SIEM Event Forwarding
Forward events from devices on your network to your public cloud SIEM via the Agilicus Connector.
Overview
You have a set of restrictive networks. Your firewall disallows inbound and outbound traffic. You have a corporate directive to use a central SIEM such as Microsoft Sentinel or Google Security Operations (SecOps). Those in turn use practically unbounded public IP’s making it very difficult to construct safe outbound rules.
The Agilicus AnyX connector can provide safe egress forwarding. It does this via an SNI-inspecting proxy, selecting only the needed hosts, and, directly connecting them without breaking the encryption.
To configure, first enable the feature on the Connectors overview. Then select which SIEM(s) you wish enabled, and, the connector(s) that you wish to provide this service.
Note: this section is for configuring third party devices to forward through the Agilicus connector to a cloud-based SIEM. If you wish to configure the Agilicus connector to send its own audit messages, see e.g. “Send Events to Microsoft Sentinel SIEM”

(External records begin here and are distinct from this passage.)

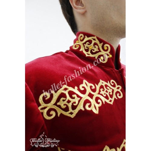 The tunic is richly embellished with golden decor elements, such as appliqués and buttons.  The decorated band-collar and the cuffs impart the costume an original look.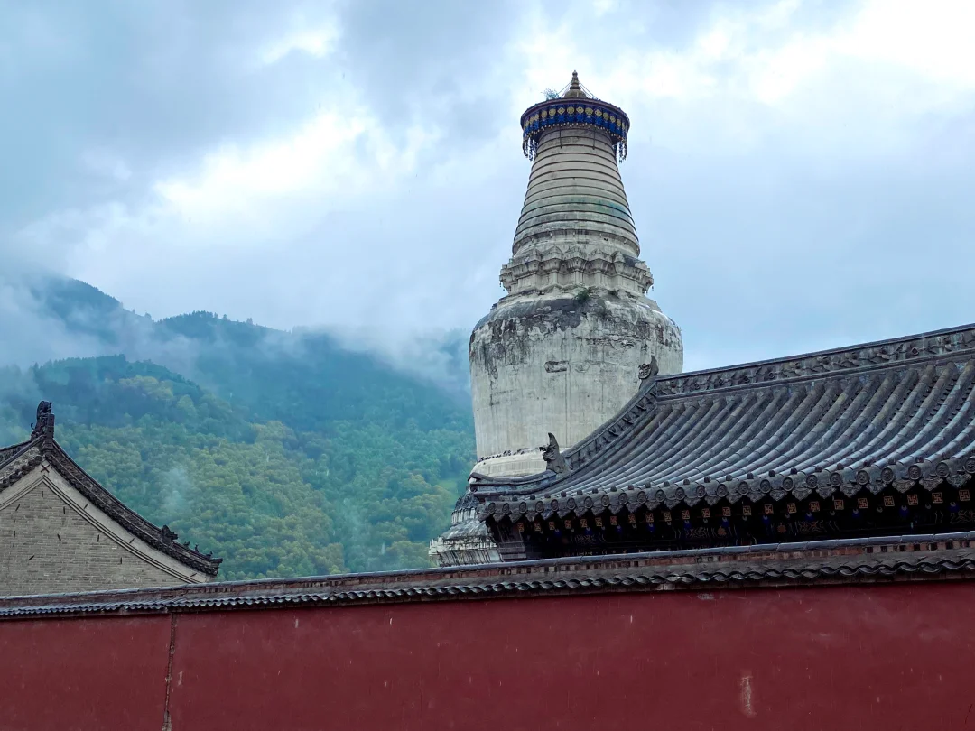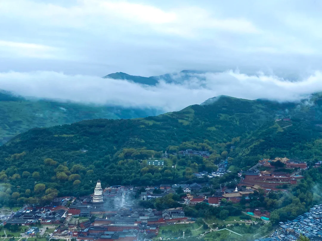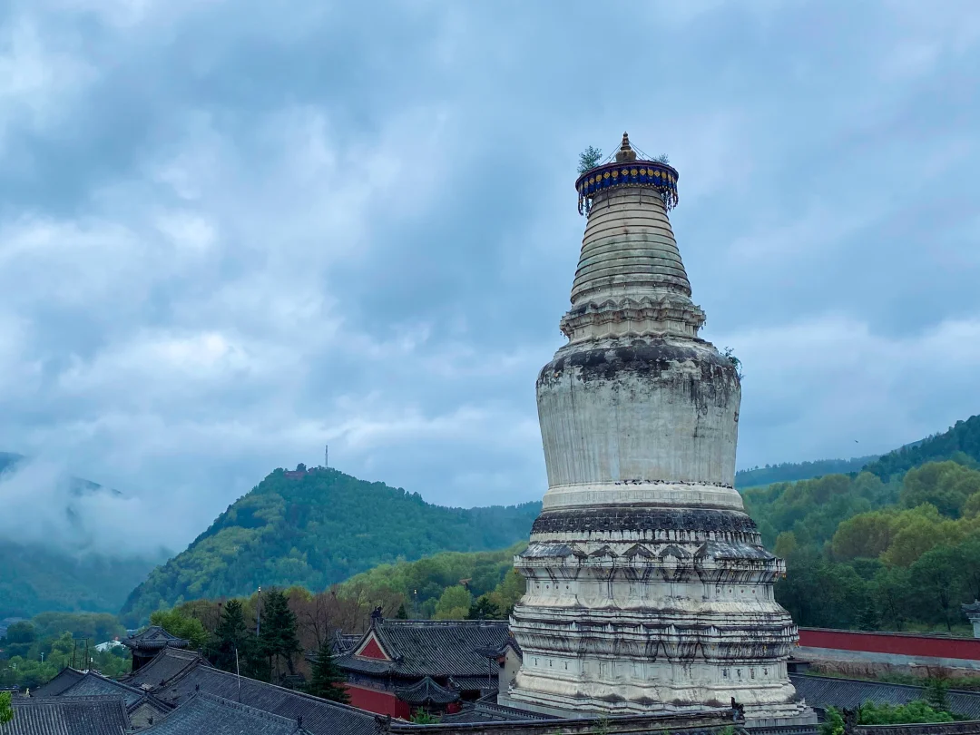 老照片,8月份的五台山 还未进入修缮期的大白塔 我记得是8月初去的五台山,东台山顶还在下雪,庆幸自己提前看了攻略,多带衣服。 目前为止坐过最远的机场大巴,从五台山机场到五台山景区,只记得好远好远,好像是80块。然后又从五台山景区里面坐大巴去大同,又是好远好远好远~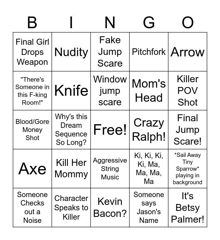 This bingo card has a free space and 34 words: Drinking and/or Drugs, Someone says Jason's Name, Teens Gettin' it On, Machete, Axe, Knife, Arrow, Someone Checks out a Noise, Nudity, Rain Storm, Window jump scare, Fake Jump Scare, Animal Cruelty, Slow-mo final kill, Crazy Ralph!, Killer POV Shot, Character Speaks to Killer, Blood/Gore Money Shot, Kill Her Mommy, Ki, Ki, Ki, Ki, Ma, Ma, Ma, Ma, Aggressive String Music, Teen Shenanigans, Final Girl Drops Weapon, Final Jump Scare!, Kevin Bacon?, It's Betsy Palmer!, Pitchfork, Chainsaw, Mom's Head, "There's Someone in this F-king Room!", Sandy, the Lonely Waitress, Why's this Dream Sequence So Long?, *Sail Away Tiny Sparrow* playing in background and Hallucinating Mom.

At the bottom of the dialog you will see instructions for local DNS settings on the network. You will need to note the local IP address of your connector machines (the local to your network, often 10.x.x.x or 172.x.x.x or 192.168.x.x). You will then have to ensure that the DNS resolution on the remotes (the ones sending the logs) resolves to that connector for the given hostname. In the example below, if ‘2012rk2’ has a local IP of ‘10.1.2.3’, we would want to put an entry in the site DNS to have *.ods.opinsights.azure.com use 10.1.2.3 as the resolution.
Note: some sites might have public DNS (e.g. Google 8.8.8.8). This is not safe, it is possible to have IP over DNS VPN’s from (DNS tunnelling) allowing covert exfiltration and command and control channels to form.
If you do not have a DNS on the site, you can consider putting the entries in the local hosts file on each machine that will send logs.